CHICAGO (CBS) -- Aldermen have agreed to a compromise on a plan to ban plastic bags, which would allow restaurants and mom-and-pop stores to keep using them, but prohibit large retailers from placing merchandise in the ubiquitous plastic bags.

The amended ordinance would exempt all restaurants from the ban, as well as small independent retailers – stores which have a size of less than 10,000 square feet, and which are not part of a chain of three or more stores.

The City Council Committee on Health and Environmental Protection was scheduled to vote on the compromise Thursday afternoon, ahead of a vote by the full City Council next week.

"If I can't use a plastic bag, I don't know what else I can use," shopper Efrem Lee said.

Lee doesn't plan to use reusable grocery bags already sold by many stores.

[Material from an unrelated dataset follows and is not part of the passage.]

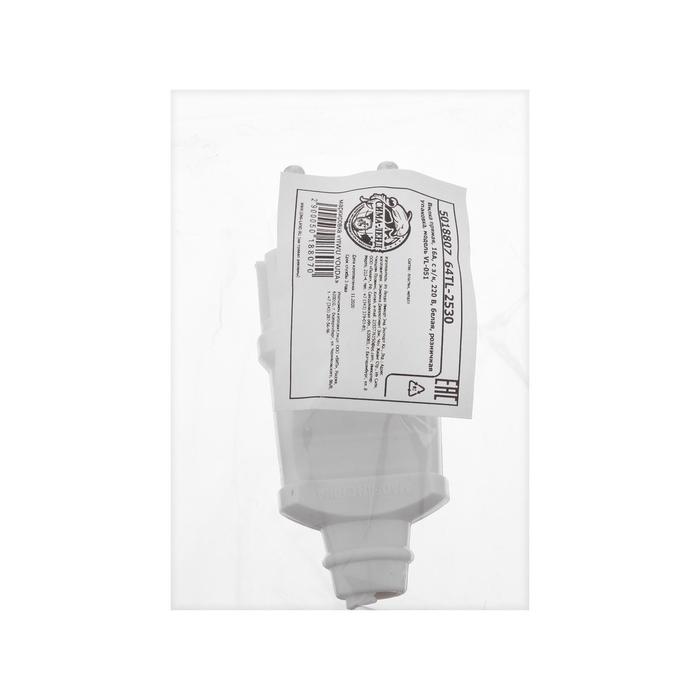 Вилка угловая, с кольцом, 16А, без з/к, 220 В, белая, розничная упаковка.

Under the ordinance, retailers with more than 10,000-square-feet of space would have to stop providing plastic bags to customers by Aug. 1, 2015.

Smaller chain stores would have until Aug. 1, 2016 to stop using the bags.

Retailers would instead have to provide reusable bags and/or recyclable paper bags to their customers.

Stores could be fined $300 to $500 per offense for violating the ban.

Ald. George Cardenas (12th), who chairs the Health and Environmental Protection Committee, said the ban is all about reducing pollution.

The aldermen said plastic bags by the hundreds and thousands litter city streets in many wards.

"You see litter, and you see plastic, and you see plastic bags. That's what you see," he said. "And we clean it up on a daily basis. Every week we have a task force from the Streets and Sanitation [Department] to go out and clean."

Many shoppers said they recycle the plastic bags they get at the store.

Addie Becker is among them. She said giving up her plastic bags won't be a problem.

"There's so much; the plastic bags just blowing around and ending up in the oceans and the waterways, that it's probably going to be better for the environment," she said.

Another shopper, Jeff Terrell, pointed out many people use plastic bags to pick up after their dogs while taking them out to poop.

"My main concern definitely is for all the shelters like PAWS, the one on LaSalle, they heavily rely on plastic, and we need those plastic bags," he said.

Cardenas estimated 3 billion plastic bags are used every year in Chicago, and the city spends $55 million to clean up litter, most of it plastic.

CBS 2 reached out to some major retailers that would be affected by the plastic bag ban, but has yet to hear back as of Wednesday afternoon.